Pretty certain it's a joke. Even the fact that he puts great but old games like Crusader no remorse on there indicates that he's older, and shouldn't be inexperienced enough to suggest this seriously.

One would hope, but he's done it from an account name which a few minutes of googling gave me his personal details... so not just a fake troll account.

#5293927 Question about GI and Pipelines

Posted by Hodgman on 28 May 2016 - 07:39 AM

No, it would be possible with either. 
...but, the voxel dataset itself can also be deferred or forward lit :lol: You can voxelize material properties and then light the voxels, or you can light them during the voxelization process! Which gives forward scene + forward voxels, forward scene + deferred voxels, deferred scene + forward voxels, deferred scene + deferred voxels... 
Lighting in general tends to be more efficient in a deferred pipeline, which is why people use it :)

You can write most of your lighting code to not care about whether you're using forward or deferred, and then have two different sets of shaders that both call this shared lighting code. That lets you fairly easily support both for testing :)

#5293926 Steamworks <16?

Posted by Hodgman on 28 May 2016 - 07:27 AM

Search for "germany sole trader". e.g. here's the different kinds of businesses: http://www.commercial-register.com/legalformsgermany.html

GmbH (equiv to LLC) is what you'd ideally get as it means that the business is a separate legal entity to you (important if someone sues you!), but "sole trader" is the easiest option.

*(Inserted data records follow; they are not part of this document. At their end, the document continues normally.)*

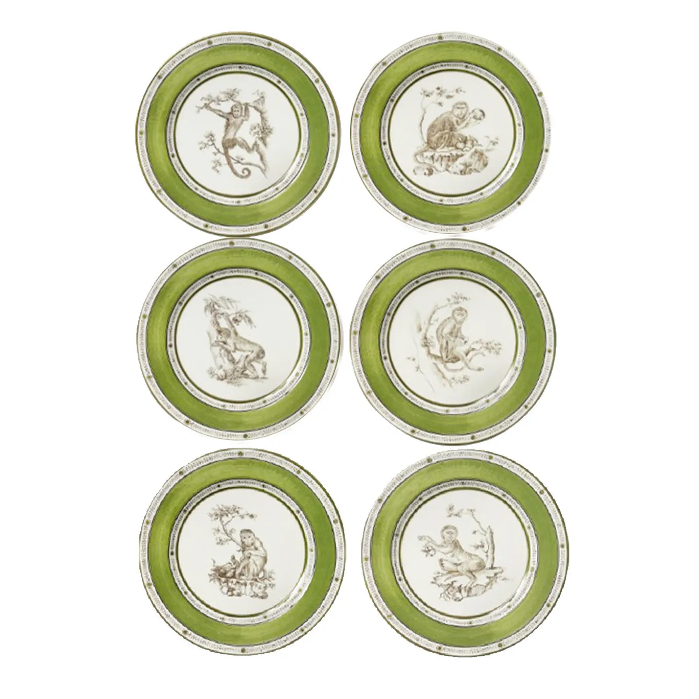 Uno straordinario set di dodici piatti, ognuno contraddistinto da un motivo differente: dodici scimmie, circondate da piante e frutta, sono intente a giocare, arrampicarsi, nascondersi, dando vita a una vera e propria composizione dinamica che attraversa l’intera collezione. Un tema ludico reso importante da un’ampia bordatura verde e una preziosa decorazione.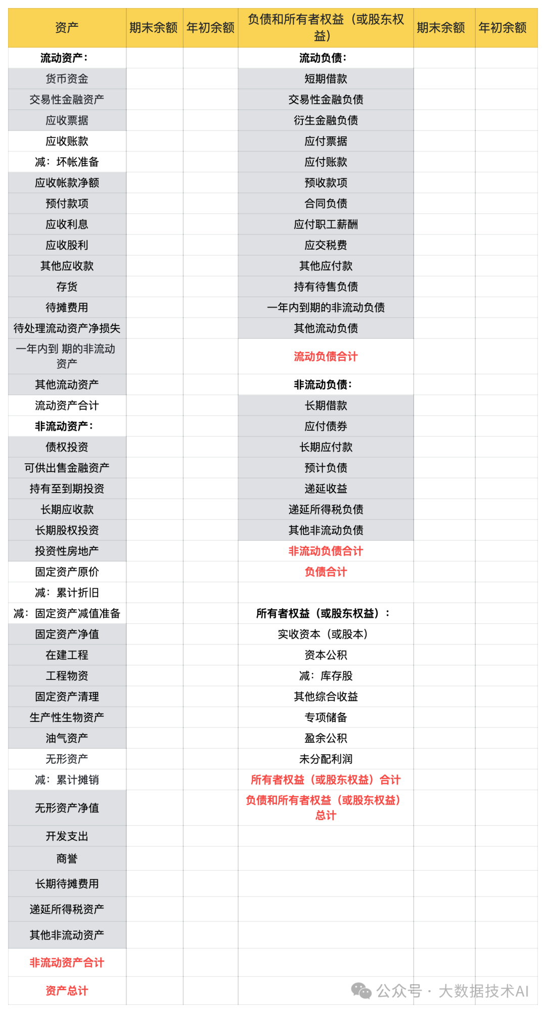 資產負債表基礎樣式資產負債表是企業(yè)財務報表的重要組成部分,它反映了企業(yè)在某一特定日期(通常是期末)的財務狀況。以下是一般企業(yè)資產負債表的基本樣式:資產負債表主要包括以下科目資產部分流動資產貨幣資金:包括企業(yè)庫存現(xiàn)金、銀行存款和其他貨幣資金(如銀行匯票存款、銀行本票存款、信用卡存款等)。這是企業(yè)最具流動性的資產,用于日常...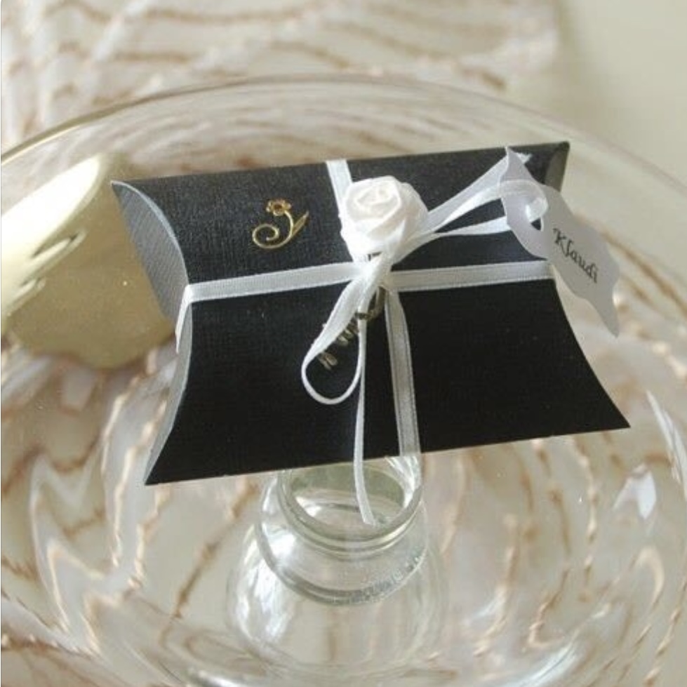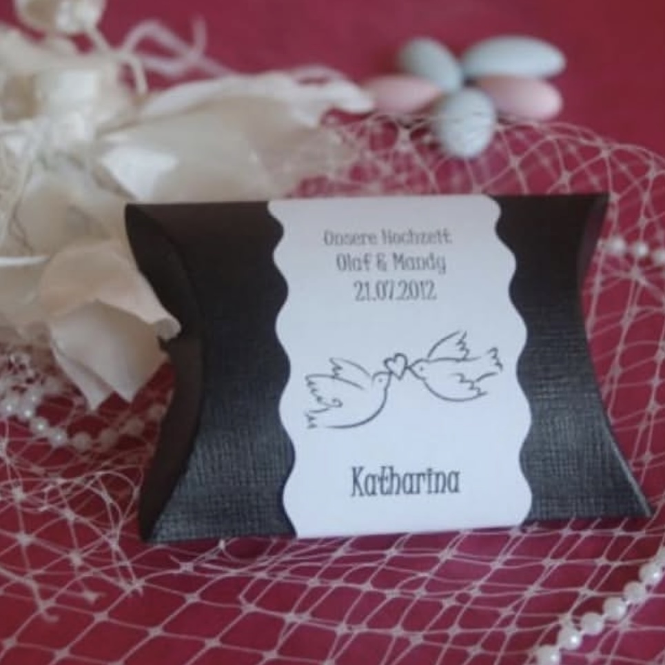Schachtel, Gastgeschenk und Tischkarte, Kissen in schwarz
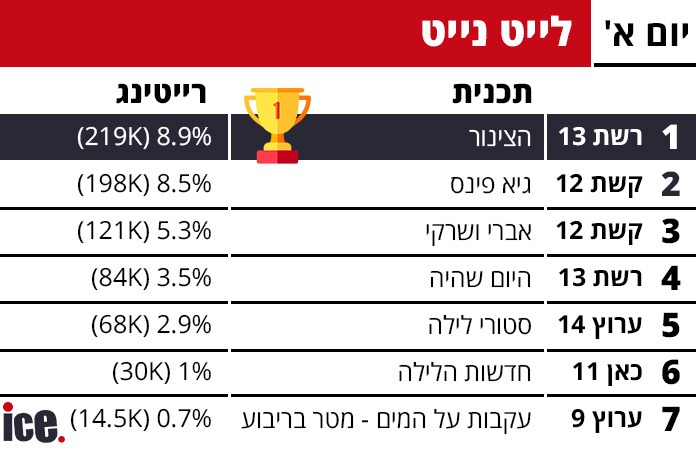 בפריים טיים רשת 13 עם ניצחון מוחץ עם תוכנית "האח הגדול" שהגיעה לרייטינג מרשים של 16.6% ו-408 אלף צופים. מקום שני תפסה תוכנית "רוקדים עם כוכבים" בקשת 12 עם 15.9% ו-394 אלף צופים, ומה עשו ינון מגל והחברים בערוץ 14?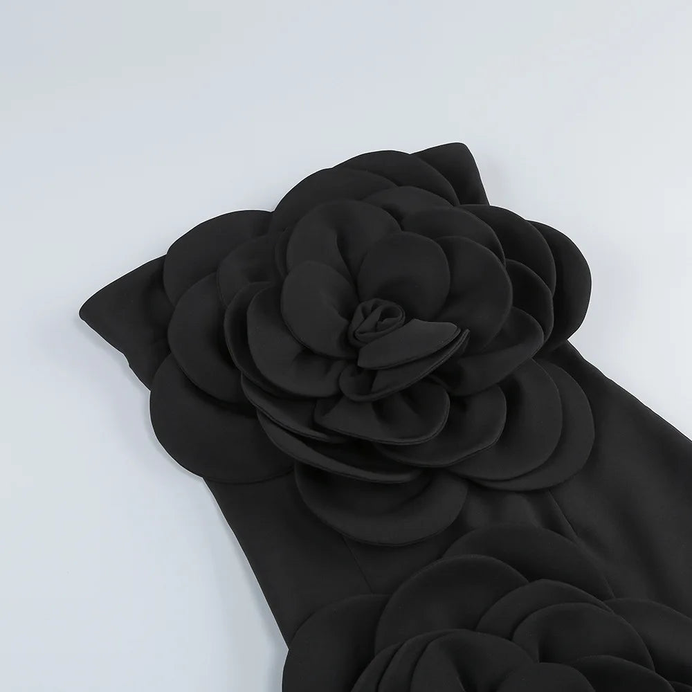 This stunning mini dress in a vibrant crimson red is a showstopper. The solid red base is adorned with large 3D sculptural floral appliqués, creating a bold and couture-like effect. Its structured fabric and bodycon fit accentuate your curves elegantly.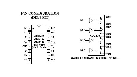 Circuit intégré - ADG433BN LC2MOS Precision Quad SPST Switches DIP16
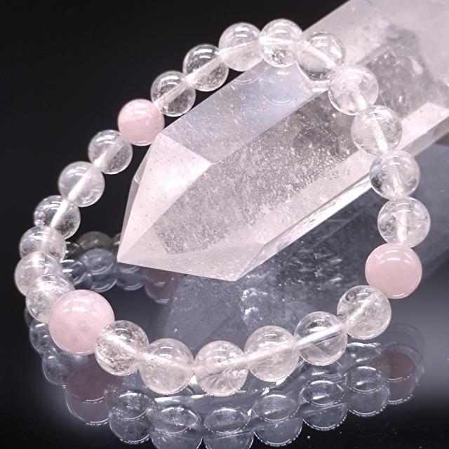 パワーストーン ヒマラヤ水晶 モルガナイト 8mm 親玉10mm ブレスレット 開運 心願成就 浄化 天然石 メンズ レディース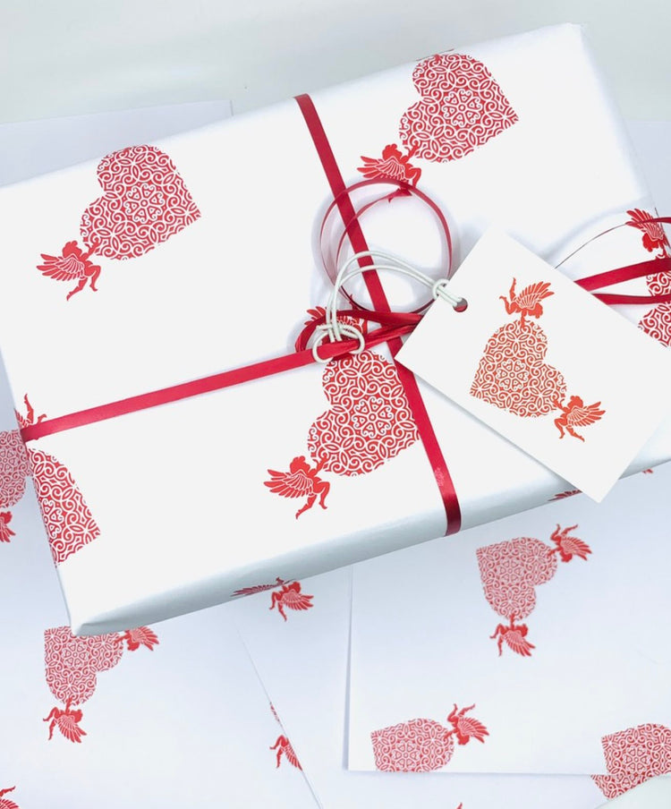 Hearts and Cupid Wrapping Paper with FREE GIFT TAG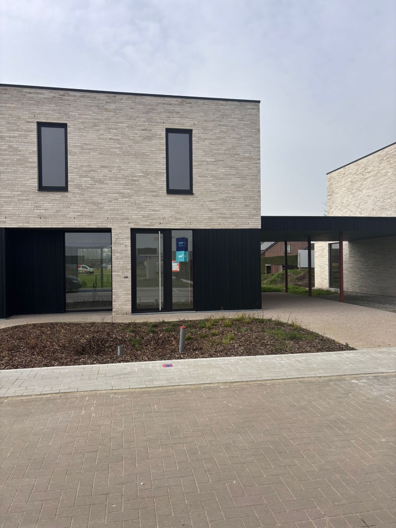 Deze halfopen woning combineert een praktische indeling met veel lichtinval. De leefruimte met open keuken en kookeiland biedt een mooi zicht op de tuin. Buiten geniet je van een aangename buitenruimte en kan je de auto parkeren onder een houten carport.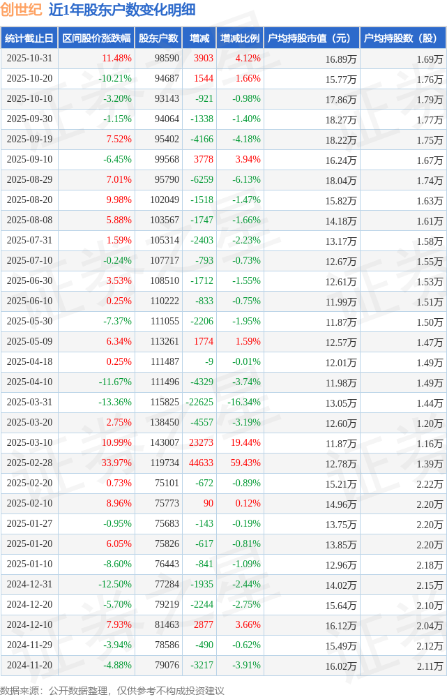 从股价来看,2025年10月20日至2025年10月31日,创世纪区间涨幅为11.48%,在此期间股东户数增加3903.0户,增幅为4.12%。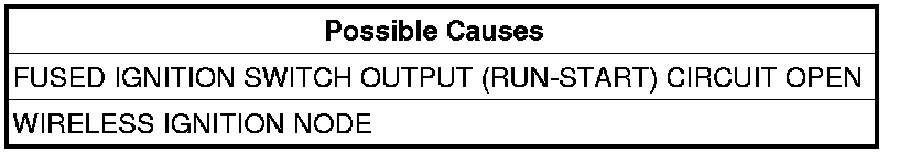 NOTE: Check the related fuses to the Fused Ignition Switch Output (Run-Start) circuit. If the fuse is found to be open, repair the circuit for a shorted condition.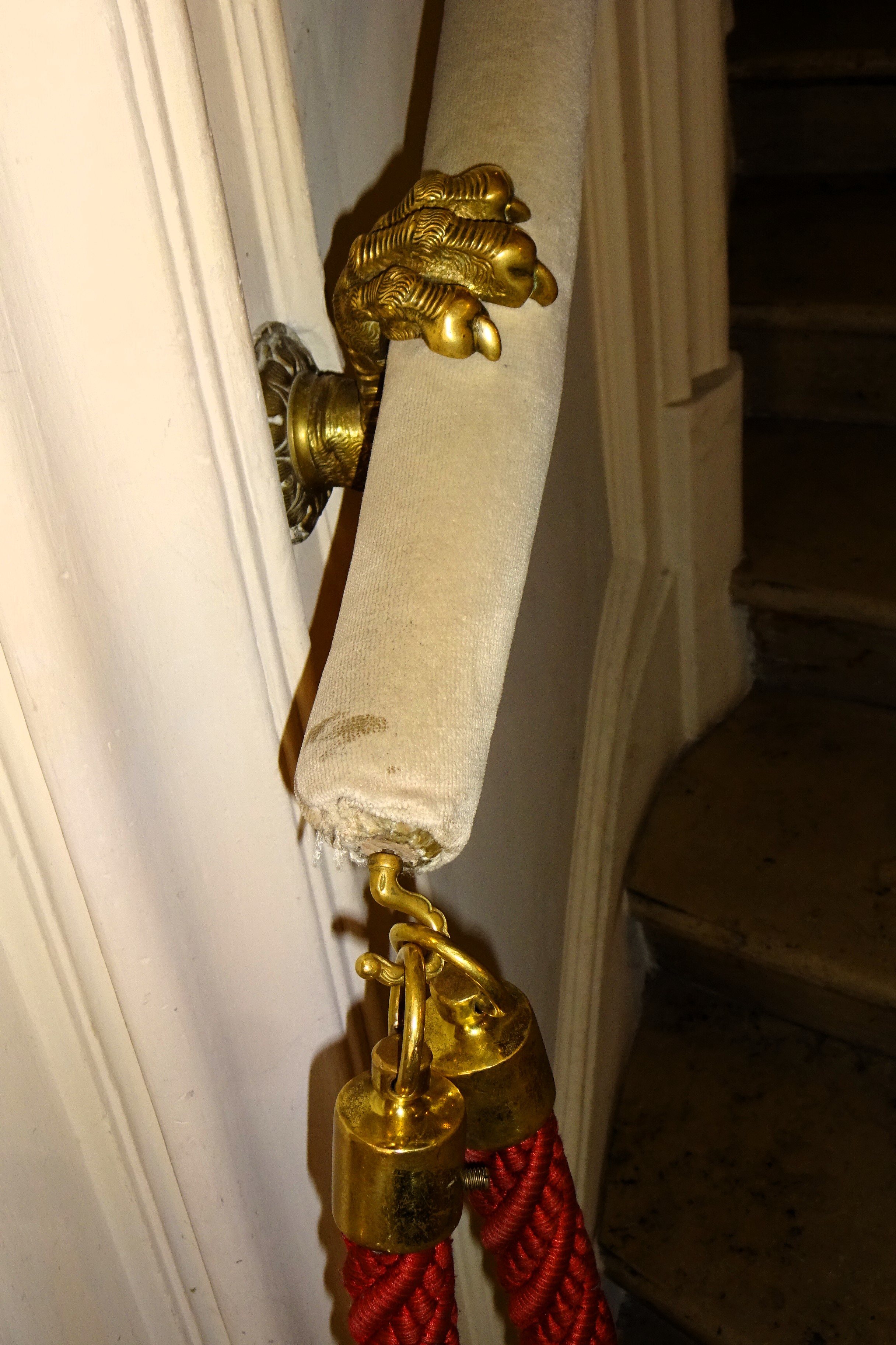 | Beschreibung | Absperrkordel und Messing Raubvogelkralle Halterung des stoffüberzogenen Handlaufes im Stadttheater, März 2025 | ||

Apparently "sole trader" is Einzelunternehmen?




And you will need to talk to a real accountant / tax consultant. Apparently you have something called the Bundessteuerberaterkammer who might be of help.

#5293921 Steamworks <16?

Posted by Hodgman on 28 May 2016 - 06:42 AM

Yeah as above, you (probably) at least need to be a sole proprietor. You will have to check the laws in your country for how you declare income gained from sales.


e.g. In my country, to declare income gained from sales or contract-work, you must be a business. So, I am registered as a sole proprietor so that I carry out independent work by myself. This was a quick 10 minute registration on the tax office website for free, and just gives me a "business number" which is required for taxation purposes. There is no legal distinction between myself and this "business" -- if the business earns money then I report it on my personal tax forms, and if the business owes money then I pay it out of my personal bank account.


If it's not possible for you to register own own sole proprietorship, you may be able to get a family member to do it for you... however, this will impact their own personal taxation situation. For example, they may end up paying more tax on their existing job...

You will have to speak to an accountant within your country to find out the best kind of company/business to create.